Identify investment candidates. Our primary focus is on high quality companies, namely those with above average long-term revenue and income growth, high operating margins, high returns on assets and equity, modest capital requirements and strong balance sheets.
Gather information. We are research driven, fundamental, bottom-up investors. We gather as much relevant information as possible starting with a company's SEC filings, recent investor presentations, and earnings conference calls. We attend management and brokerage sponsored investment meetings and read sell-side analyst reports and industry specific publications.
Develop an understanding of business. We develop an understanding of the underlying business fundamentals of each company we research and focus on answering questions such as why has the company been successful, what are its business economics, what are its competitive advantages and are they sustainable, how fast can it grow in the future and how much cashflow can it generate.
Evaluate management.

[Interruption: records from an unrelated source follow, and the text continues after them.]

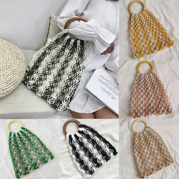 2020 тенденции моды жаркое лето новый boho женщины тканые сетки ажурные сумки полотняного переплетения круглые ручки сумки пляж большой емко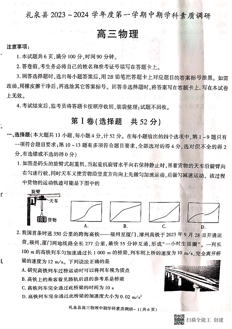 陕西省咸阳市礼泉县2024届高三第一学期中期学科素质调研物理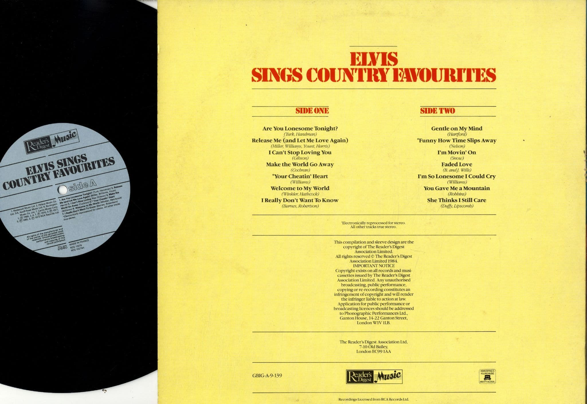Elvis Presley - Sings Country Favourites (9239) Readers Digest - Light Blue Label - M-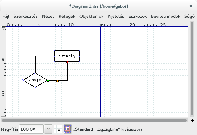 Válasszuk ki az eszköztár felső részéből a törött vonal rajzolást! Az rajzolt egyed és a kapcsolat körvonalán ×-szel jelölt pontokat látunk. Kössük össze ezeket. Amikor az × pont fölé megyünk az egérrel, a színe megváltozik.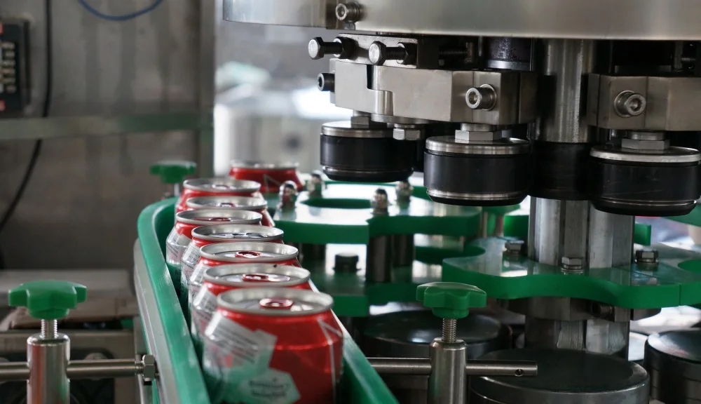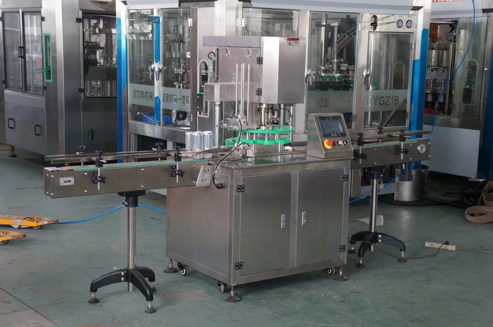 This new automatic hand pull zip-top aluminum tin cola can sealing machine controlled by PLC and photoelectric control system.
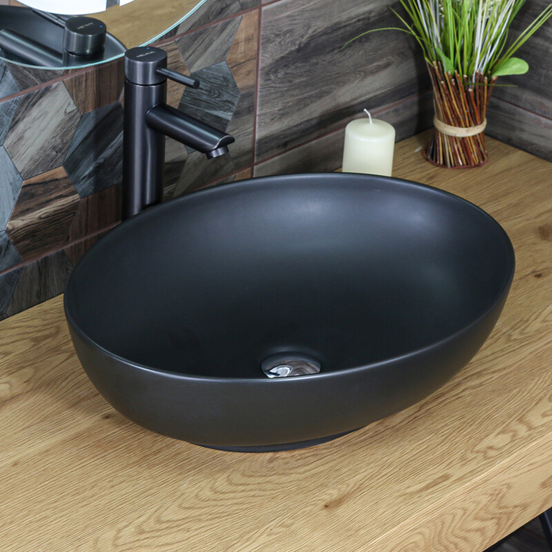 800-320316MB Фигурный умывальник накладной чёрный матовый 520х395х130 MELANA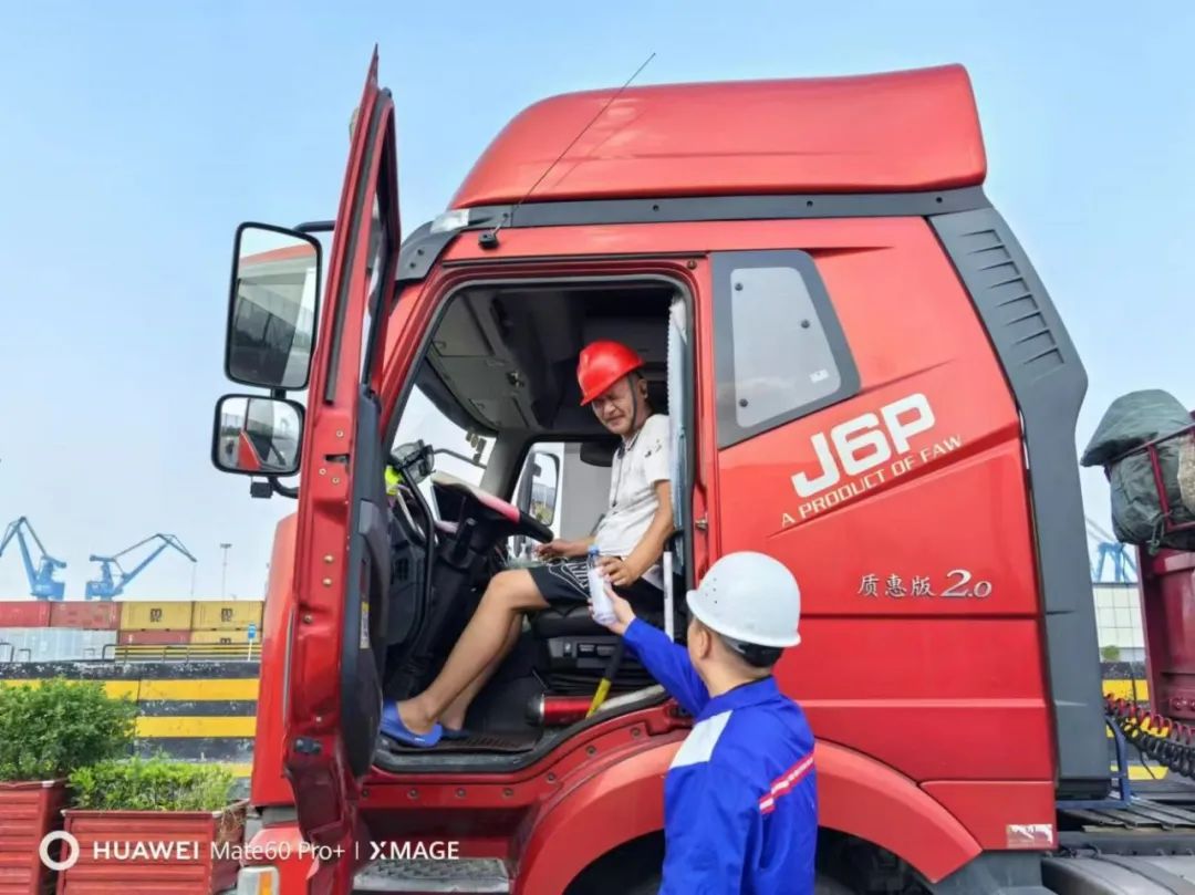 雖已入秋,碼頭高溫不減。一輛輛卡車排列在碼頭,靜靜等待土石裝卸運輸指令,卡車司機也一同經歷著高溫的考驗。為確??ㄜ囁緳C們的安全與健康,保障運輸不斷檔,港區派專人為司機送去礦泉水等清涼物資,并叮囑他們行車前要仔細檢查車況,注意駕駛安全,預防高溫中暑和各類安全事故發生。貨車司機們紛紛表示,這樣的關懷讓他們感受到了絲絲涼意和滿滿溫情。
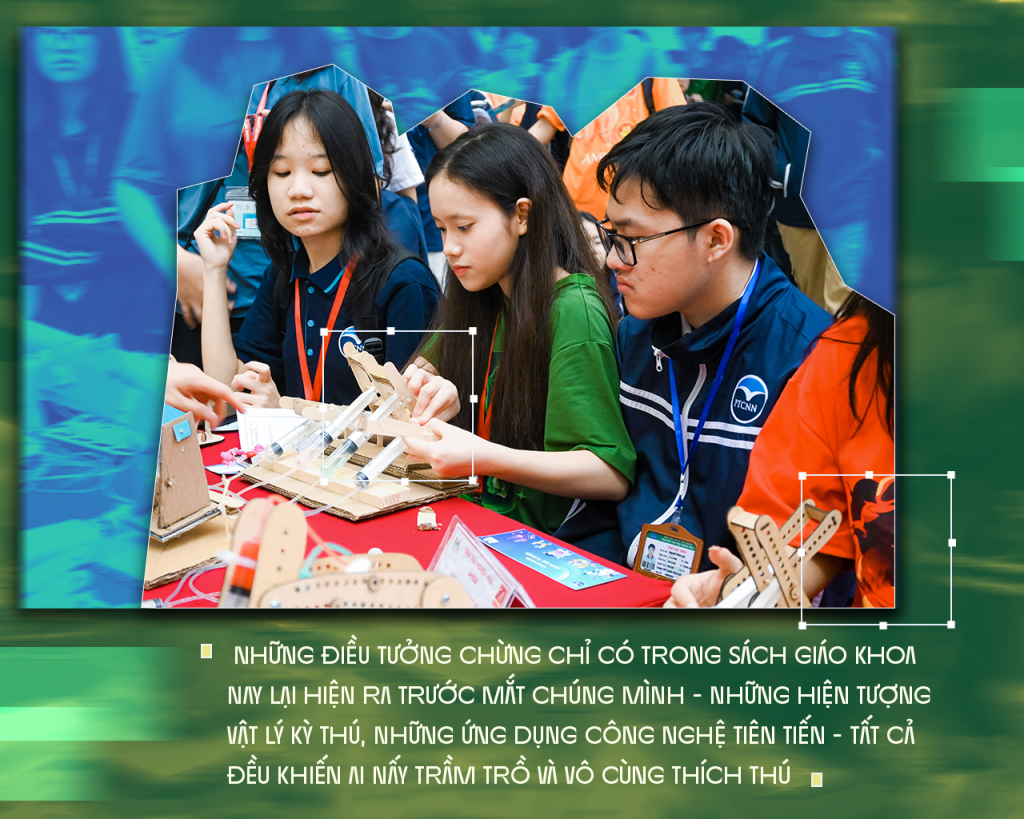 Khi những tia nắng ấm áp chiếu xuống rọi sáng mặt đất cũng chính là lúc sân trường trở nên náo nhiệt hơn bao giờ hết. Lúc này, các trại trải nghiệm thí nghiệm tự nhiên cũng đã sẵn sàng tiếp đón những nhóm học sinh đang nườm nượp kéo đến. Những điều tưởng chừng chỉ có trong sách giáo khoa nay lại hiện ra trước mắt chúng mình – những hiện tượng vật lý kỳ thú, những ứng dụng công nghệ tiên tiến – tất cả đều khiến ai nấy trầm trồ và vô cùng thích thú.
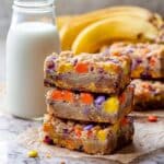 A stack of three thick slices of colorful candy cookie bars sits on a piece of parchment paper on a white marbled surface. Each slice has visible layers of dough with bright orange, yellow, and purple candy pieces embedded in the crumbly texture. Behind the stack, there are more slices laid flat, and a glass bottle filled with milk is positioned to the left. In the background, whole yellow bananas rest on the white marbled surface. The lighting is natural, highlighting the rough texture of the cookie bars and the smooth milk bottle, photo taken with an iphone --ar 4:5 --v 7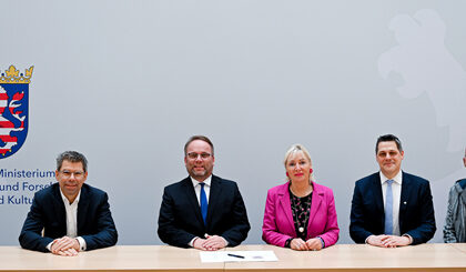 Prof. Dr. Thomas Nauss (Sprecher der Konferenz der hessischen Universitäten), Timon Gremmels (Hessischer Minister für Wissenschaft und Forschung, Kunst und Kultur), Prof. Dr. Kristina Sinemus (Hessisc...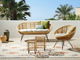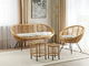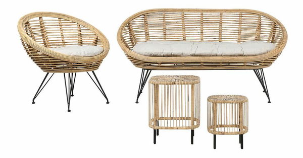 Táto ratanová sedacia súprava v boho štýle je dokonalou kombináciou nadčasovej elegancie a funkčnosti. Pozostáva z 2-miestnej pohovky, kresla a sady dvoch konferenčných stolíkov z kvalitného ratanu doplneného pevnými železnými nohami, ktoré sú zárukou odolnosti a štýlu. Táto súprava vynikne v akomkoľvek priestore a môžete ju využiť v obývacej izbe i na terase. Súprava nábytku inšpirovaná boho štýlom dodá jedinečný charakter akémukoľvek priestoru.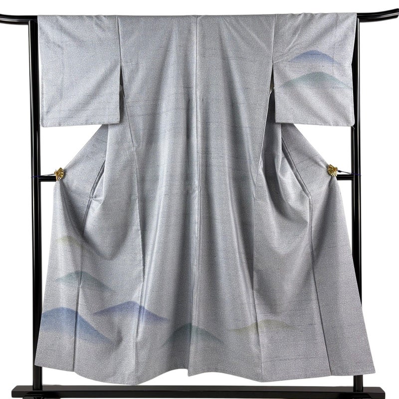 【付下げ】 灰色系 青灰色 秀品 B 約150cm~約159cm 裄丈63cm-64cm (M)size 袖丈47cm 4000-7980 二万以下
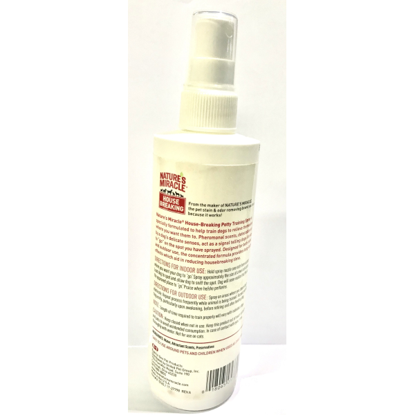 House-Breaking Potty Training Spray is specially formulated to help train dogs to relieve themselves where you want them to. Phenomenal scents, detectable only by a dogs delicate senses, act as a signal telling dogs its okay to go on the spot you have sprayed. Designed for both indoor and outdoor use, the concentrated formula provides long-lasting effects which aid in reducing housebreaking time. Attractant pheromone scent reduces time required time to housebreak your dog! Encourages dogs to go where you want them to urinate. For indoor & outdoor training. Long-lasting concentrated formula.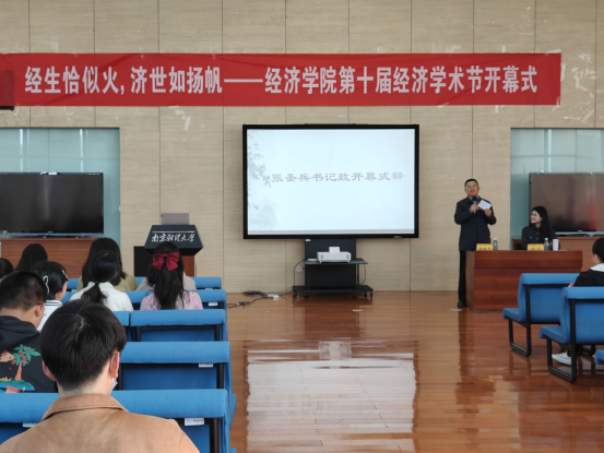张圣兵书记作开幕式致辞。他指出,经济学不仅是一门学科,更是一种理解世界、改变世界的工具,蕴含着独特的思维方式和生活态度。一直以来,今年会致力于搭建多层次的学习与交流的平台,培养具有创新精神、实践能力和竞争意识的复合型人才,注重通过实践活动提升员工综合素质。他建议大家积极参与经济学术节系列活动,共同探讨经济学领域的热点问题,进一步加深对经济学的认识,展现财大学子的特色和风采。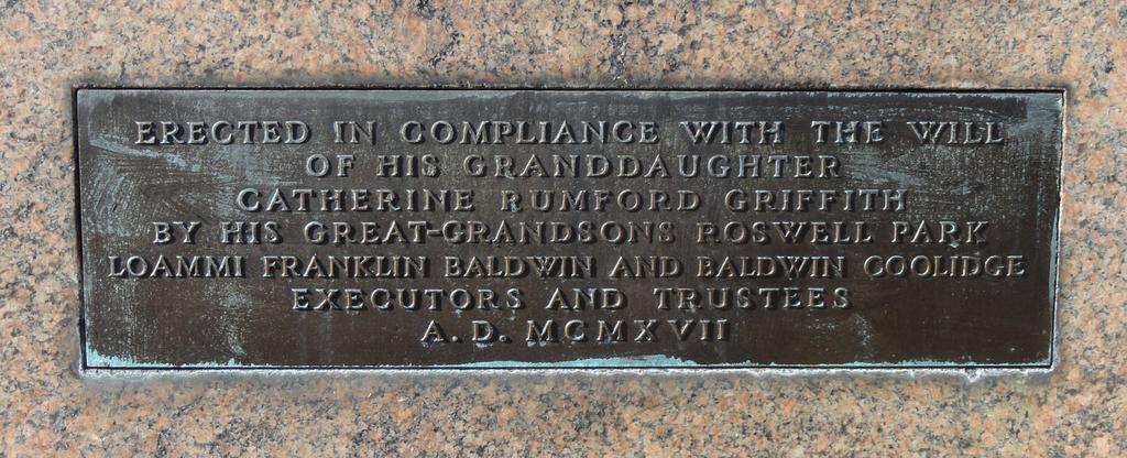 | Keywords: Loammi Baldwin by Herbert Adams, plaque - DSC04116.JPG en Loammi Baldwin memorial by Herbert Adams 1858-1945 Woburn Massachusetts USA This statue was created in 1917 and hence is now in the public domain According to the Smithsonian Institution's SIRIS system On bottom rear of sculpture near base HERBERT ADAMS SC/1917 Marked bottom left edge rear of base CAST BY/ROMAN BRONZE WORKS N Y On bronze plaque on front of base in raised letters LOAMMI BALDWIN/PATRIOT/PUBLIC OFFICIAL/BORN JANUARY 21 1745 N S /IN NORTH WOBURN/MASSACHUSETTS/DIED OCTOBER 20 1807 On bronze plaque on east side of base ONE OF THE PROPRIETORS/AND/A PRINCIPAL CONSTRUCTOR/OF THE MIDDLESEX CANAL/A MEMBER OF/THE COMMITTEE TO SIGN/THE PAPER MONEY OF/MASSACHUSETTS BAY COLONY/FIRST SHERIFF OF/MIDDLESEX COUNTY/UNDER THE STATE CONSTITUTION/A LEADER OF AFFAIRS/IN WOBURN On bronze plaque on west side of base A PARTICIPANT WITH THE/RANK OF MAJOR/IN THE BATTLES OF/LEXINGTON AND CONCORD/A COLONEL OF/THE 26TH REGIMENT OF/THE CONTINENTAL ARMY/WITH GENERAL WASHINGTON/DURING THE OCCUPATION/OF NEW YORK/AND IN THE BATTLE/OF TRENTON On bronze plaque on base of base BALDWIN APPLE/DISSEMINATOR OF THE APPLE/IN HONOR OF HIM CALLED/THE BALDWIN/WHICH PROCEEDED FROM A TREE/ORIGINALLY GROWING WILD/ABOUT TWO MILES NORTH/OF THIS MONUMENT signed Founder's mark appears 2012-02-12 own Daderot cc-zero Uploaded with UploadWizard Loammi Baldwin by Herbert Adams Raised letters |

As long-term partners in the companies in which we invest, we need to be comfortable with the management teams running our businesses. Factors considered in our evaluation: Does management have a well articulated, reasonable business strategy; reasonable financial goals; a shareholder-oriented capital allocation discipline; and executive compensation plans aligned with shareholders' interests.
Develop valuation framework. We develop company specific valuation models to determine the price that a well-informed, rational businessman would pay for the entire company in a negotiated transaction. We refer to this price as the company's "intrinsic value".
Test key assumptions. We make key assumptions explicit in our valuations thereby allowing us to determine how changes in these assumptions affect our estimate of a company's intrinsic value. We prefer companies that remain cheap under a reasonably wide range of scenarios.
Patiently wait for buying opportunities. Patience is a virtue, especially for value investors. Not only do we want to invest in high quality companies, but we want to do so at prices that provide an adequate "margin of safety". We only invest in companies selling at 20-40% discounts to our estimates of their intrinsic values.
Be a disciplined seller. We are as disciplined in selling stocks as we are in buying them. We always sell stocks once they reach our estimates of intrinsic value.